Because LaTeX code almost always defines a document syntax (it’s a programming language of communication, essentially), it’s pretty important that things don’t change meaning without warning. I want a document that is typeset on my machine to be exactly the same on your machine under reasonably similar circumstances. While LaTeX is free to modify and distribute, they don’t allow people to take the code and alter it without potential users knowing that it’s not canonical. This follows the original licence of TeX itself, probably the earliest piece of free software still in use. (According to Wikipedia, Emacs was first released in 1984; development on TeX started in 1977 but the version most similar to the one we know today was released in 1982.)

To try and formalise TeX’s licence, the LPPL allows modification and distribution only under the proviso that the user is made well aware that they’re using a modification to that work. This is usually done with a change in name, but technically speaking minimal conformance could be achieved (and strongly frowned upon) simply by printing out a message on the console stating that the package you’ve loaded isn’t the original version.
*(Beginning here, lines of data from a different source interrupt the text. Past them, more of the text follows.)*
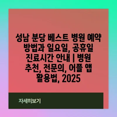성남 분당 베스트 병원 예약 방법과 일요일, 공휴일 진료시간 안내 | 병원 추천, 전문의, 어플 앱 활용법, 2025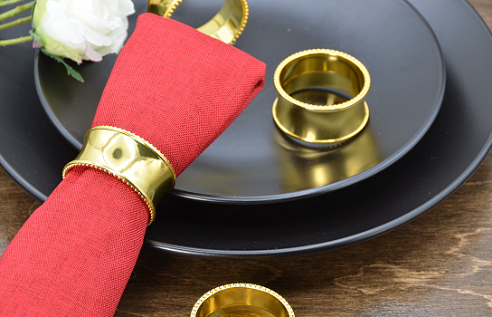 Add a sophisticated touch to your event with our classic gold napkin rings. Perfect for weddings, parties, and special occasions, these rentals elevate your table setting with timeless elegance.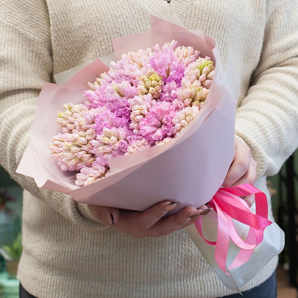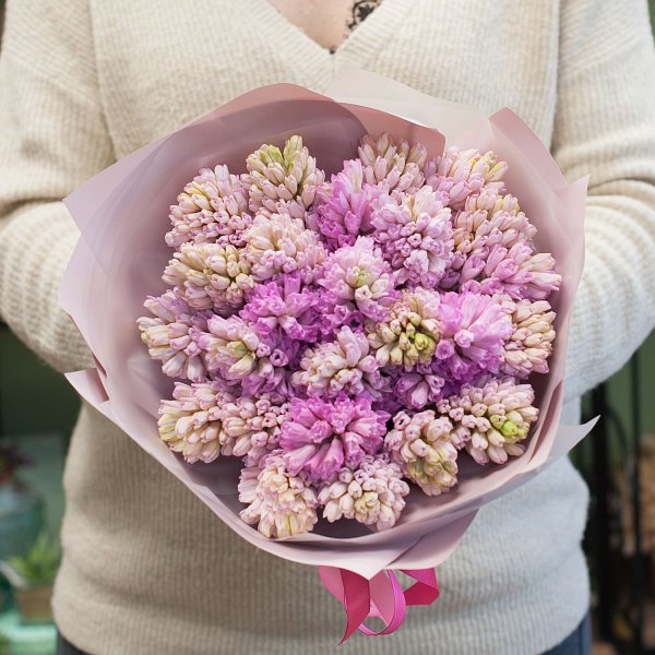 Букет состоит из 25 розовых гиацинтов, которые символизируют нежность и любовь. Эти цветы обладают тонким ароматом и будут радовать получателя своей красотой и свежестью.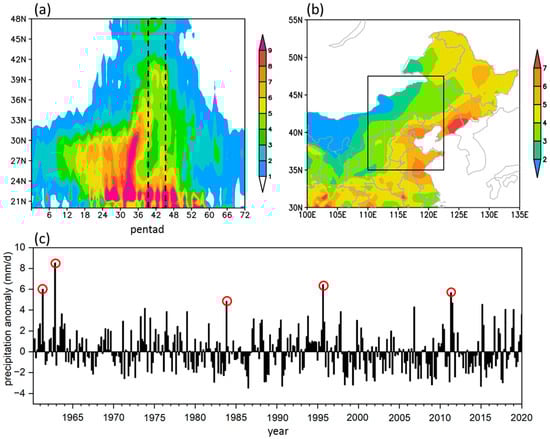(a) Time-latitude distribution of the 1961–2020 mean pentad precipitation rate averaged for 110–122.5° E (unit: mm·d−1); (b) The 1961–2020 mean precipitation rate during mid-summer (unit: mm·d−1); (c) Pentad (40th–45th pentad in each year) precipitation rate anomalies averaged for NC in mid-summer from 1961–2020 (unit: mm·d−1). The dotted lines in (a) indicate 40th–45th pentad. The black rectangle in (b) indicates NC region. The red circles in (c) indicate the pentad extreme precipitation cases.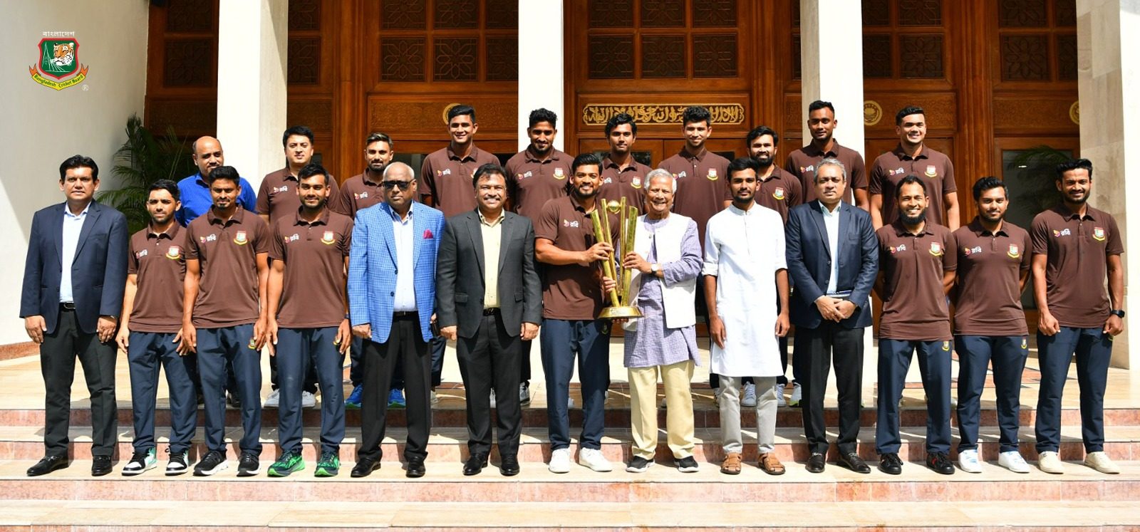 সংবর্ধনা অনুষ্ঠানে ক্রিকেটারদের স্বাগত জানিয়ে ড. ইউনূস জানান, পাকিস্তানে তাদের এই অর্জন ঐতিহাসিক। তাদের অর্জনে গোটা জাতি গর্বিত। জাতির পক্ষ থেকে ক্রিকেটারদের অভিনন্দন জানিয়ে প্রধান উপদেষ্টা বলেন,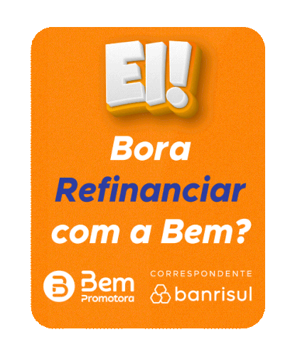 an orange sign that says ' bora refinanciar com a bem ' on it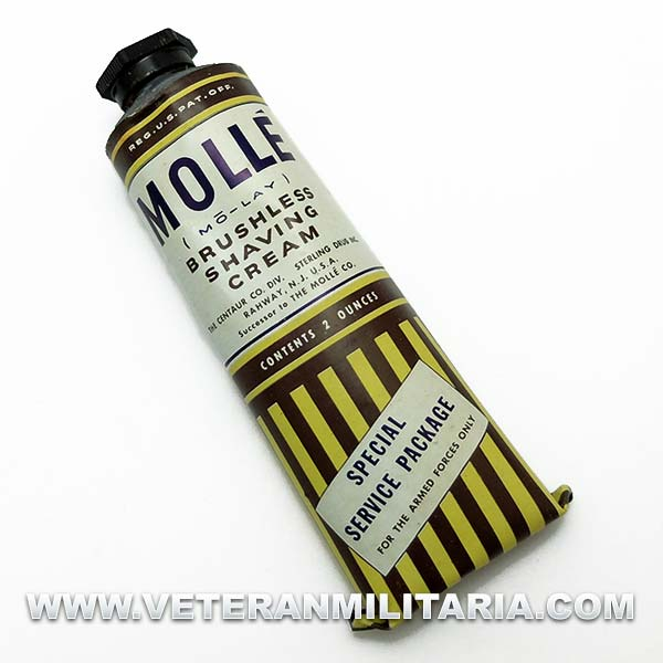 Crema de afeitar Molle original, tubo de crema con caja de cartón. Estas cajas de Molle Shaving Cream fueron empaquetadas y marcadas específicamente para las Fuerzas Armadas.

A good example is a conference proceedings document class, for which you certainly don’t want someone changing the margins or fonts without calling it something different!

So if only the copyright holder is allowed to make changes to the code without changing the name of the package, what happens if the original author loses interest in or can no longer work on the project? The LPPL also defines the concept of a project “maintainer”, who may make public changes to the work with the authority of the copyright holder. You can become a maintainer of a project either by being bestowed the title or (when the previous maintainer cannot be contacted) by announcing publicly your intent to start maintaining the code; maintainership falls to you after three months if your claim is uncontested.

None of this changes the problem of ensuring backwards compatibility in packages, but it goes a long way to ensure that documents remain portable into the foreseeable future. This is a laudable goal when compared to the philosophy of “closed source” document programs like Word Perfect or Microsoft Word, whose old files are sometimes now unreadable.


Now, in my explanations above I have omitted many specifics in order to try and get the ideas across about the licences I was talking about. Diving too deep into the legalese makes it impossible to get a broad picture of each licence to be able to compare them. Obviously, I am not a lawyer and my terminology could be improved but I hope that I got the gist across. (Also, I hope that I’ve understood it correctly myself!)

I’m using the British spelling for licence and license here (for noun and verb respectively; cf. practice & practise — I remember these rules by the mnemonic “ice is a noun”). When I talk about licences above, I’m referring to their current versions: 3-clause BSD, 2-clause MIT, LPPL v1.3c, Apache v2. One day I might understand the difference between GPL v2 and v3, but not at the moment.